Ohio House shrinks early voting
Published 11:30 am Wednesday, December 17, 2008
Almost 51,000 Ohioans in the state’s six largest counties voted during the first 15 days of early voting for the presidential election, a period that the Ohio House voted to trim out of Ohio law on Tuesday.
That number represented 22 percent of about 227,000 people who took advantage of early voting in Cuyahoga, Franklin, Hamilton, Montgomery, Summit and Lucas counties, according to county figures compiled by the Associated Press. The remainder voted during the final 20 days of early voting, which will remain in place under the House plan.
The Republican-led House voted 54-42 along mostly party lines on a bill shrinking the newly instituted early voting period that drew long lines of voters for this year’s election. It now heads back to the state Senate, which will decide whether to go along with the changes made by the House.
The proposal reduces the start of in-person early voting from 35 days before Election Day to 20 days. It also eliminates a window during which voters could both register and vote on the same day.
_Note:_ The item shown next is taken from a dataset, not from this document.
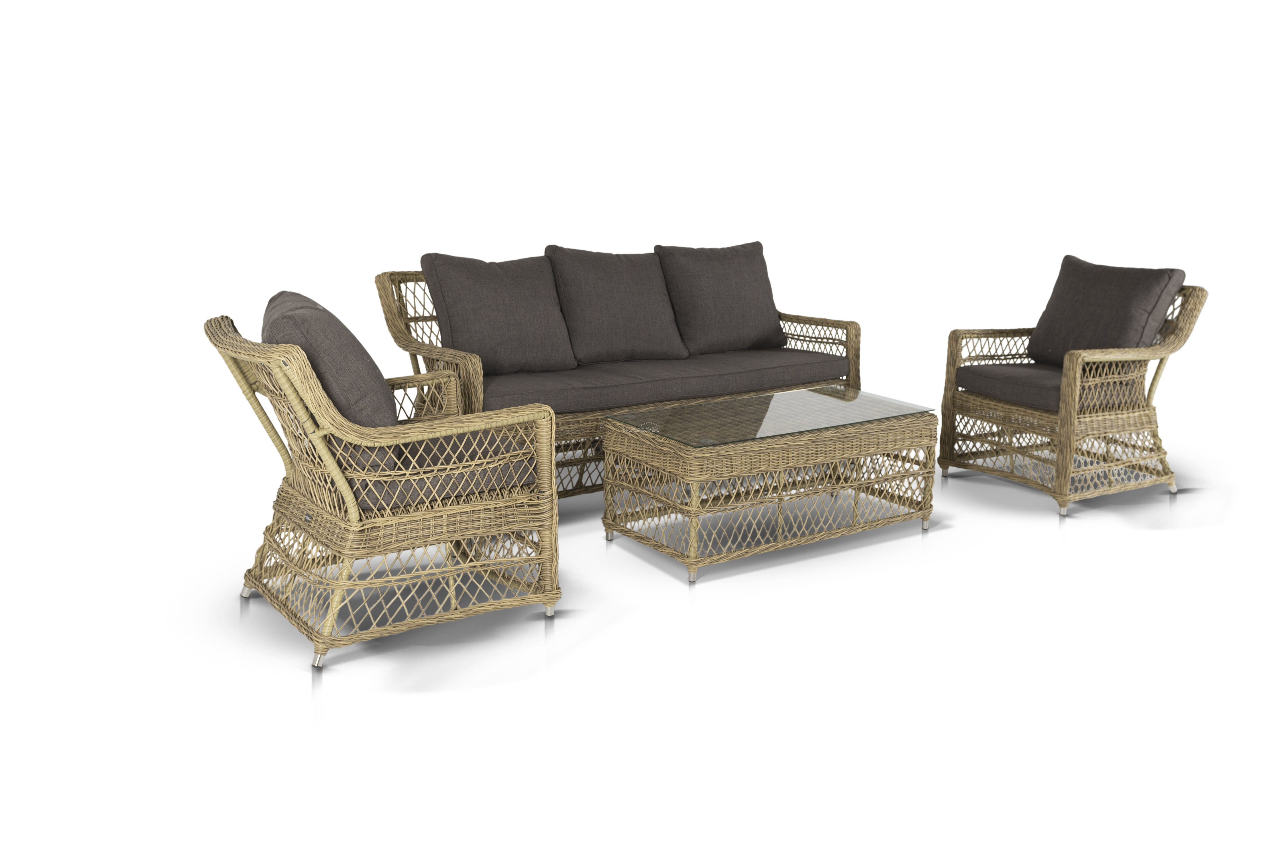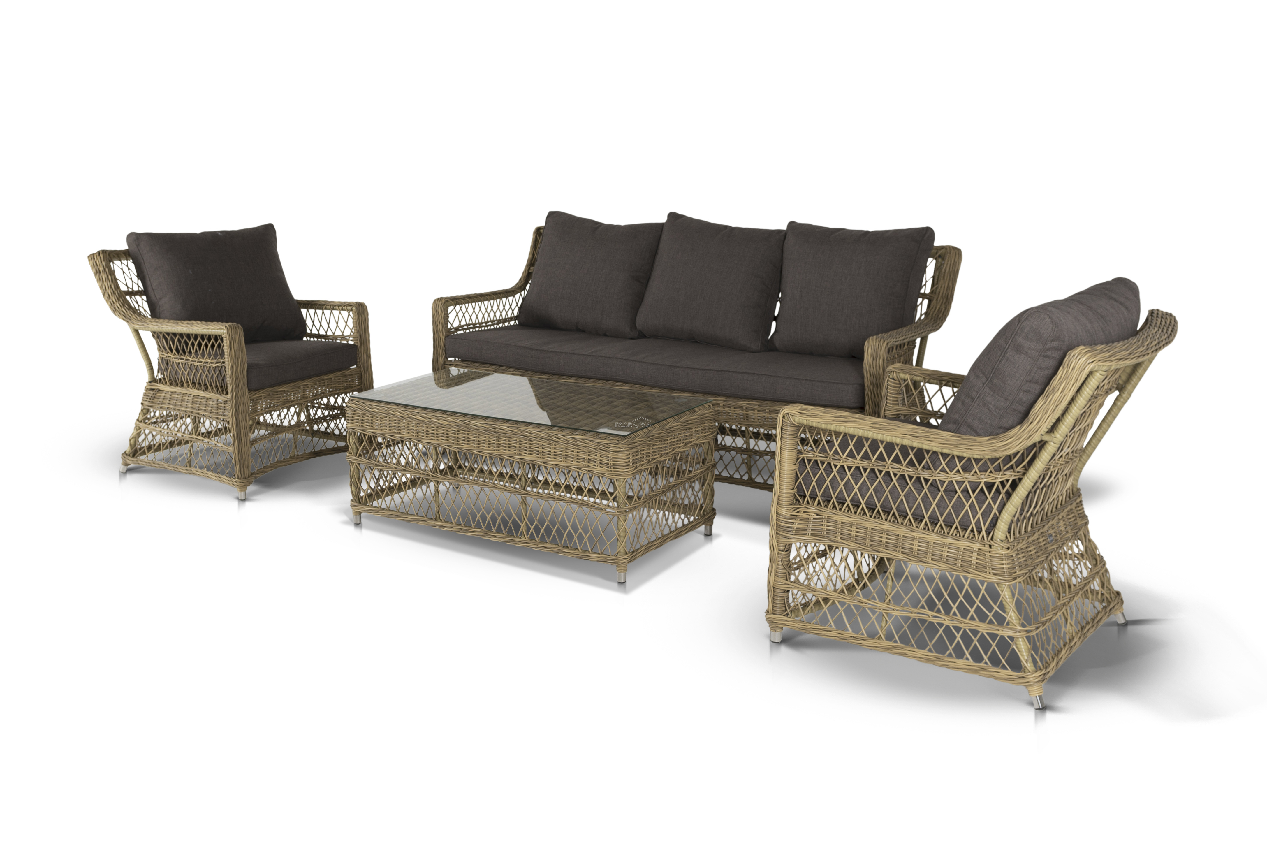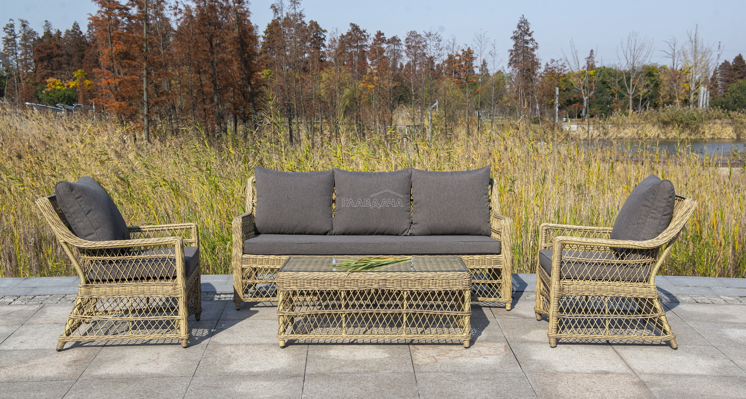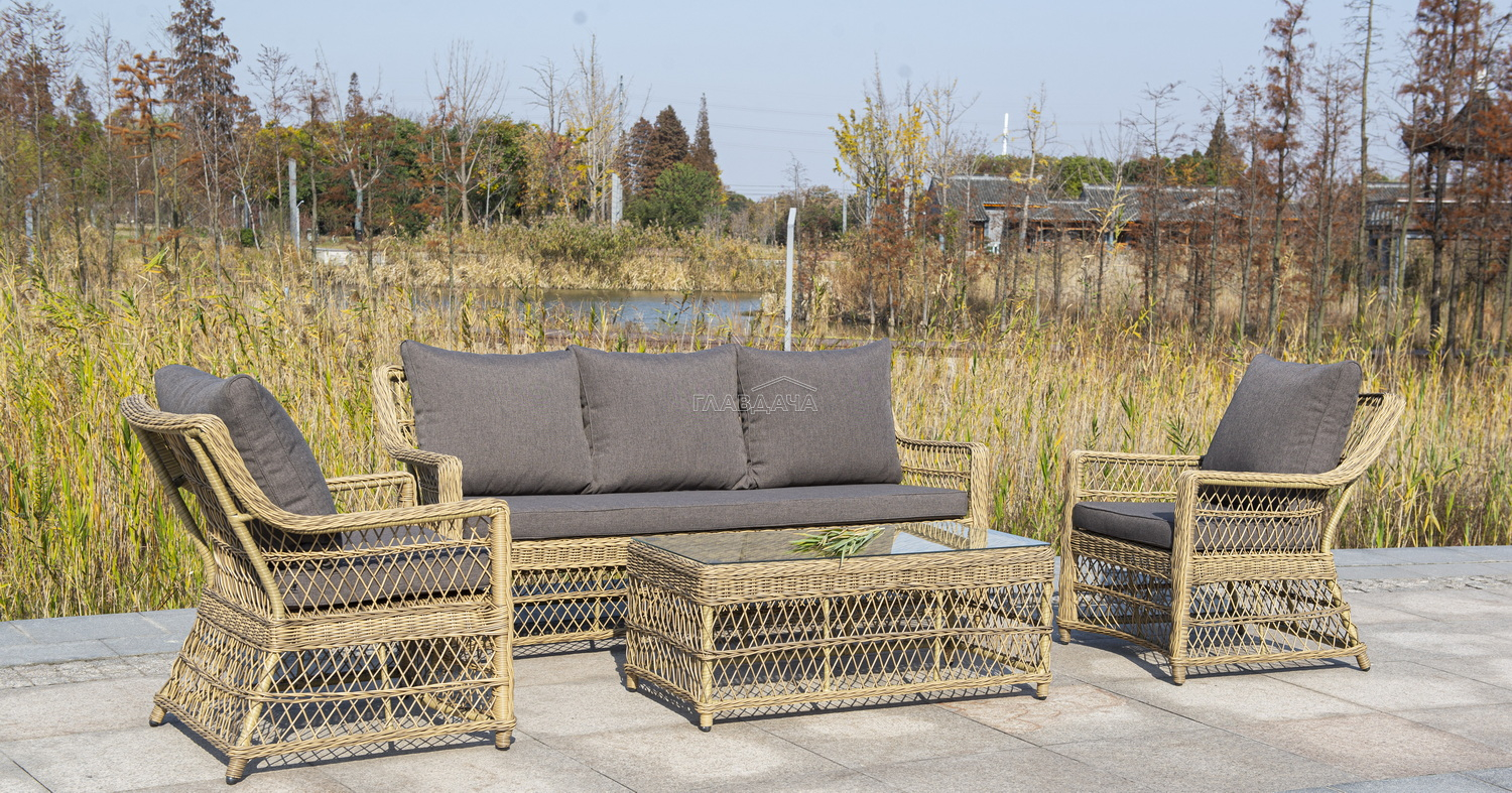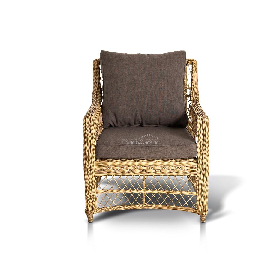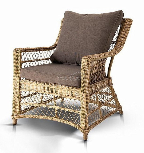 Укомплектовано плетеное кресло удобными мягкими подушками, одна из которых располагается в области спинки. Они выполнены в сером оттенке. При пошиве тканевых изделий используется полиэстер, плотностью 300гр/м2. Он в обязательном порядке проходит обработку влагоотталкивающей пропиткой.

Republicans pushed the bill over the objections of Democrats and some elections experts, who accused the GOP of ramming through changes without understanding the consequences. This is the final week during which Republicans control both chambers of the state legislature, after having lost control of the House to Democrats in the Nov. 4 election. The new legislature will be seated in January.
‘‘The two consistent messages, in both written and in personal testimony, were that election reform should be comprehensive, deliberate, well thought out and it should not be rushed, and two, it should be bipartisan,’’ said state Rep. Dan Stewart, a Columbus Democrat. ‘‘(This) fails both those criteria.’’
Statewide data breaking down how many voters took advantage of each day of early voting before the Nov. 4 election has not been compiled by the state. Some of Ohio’s 88 counties told the AP on Tuesday that officials did not keep daily totals, so the break down may never be known.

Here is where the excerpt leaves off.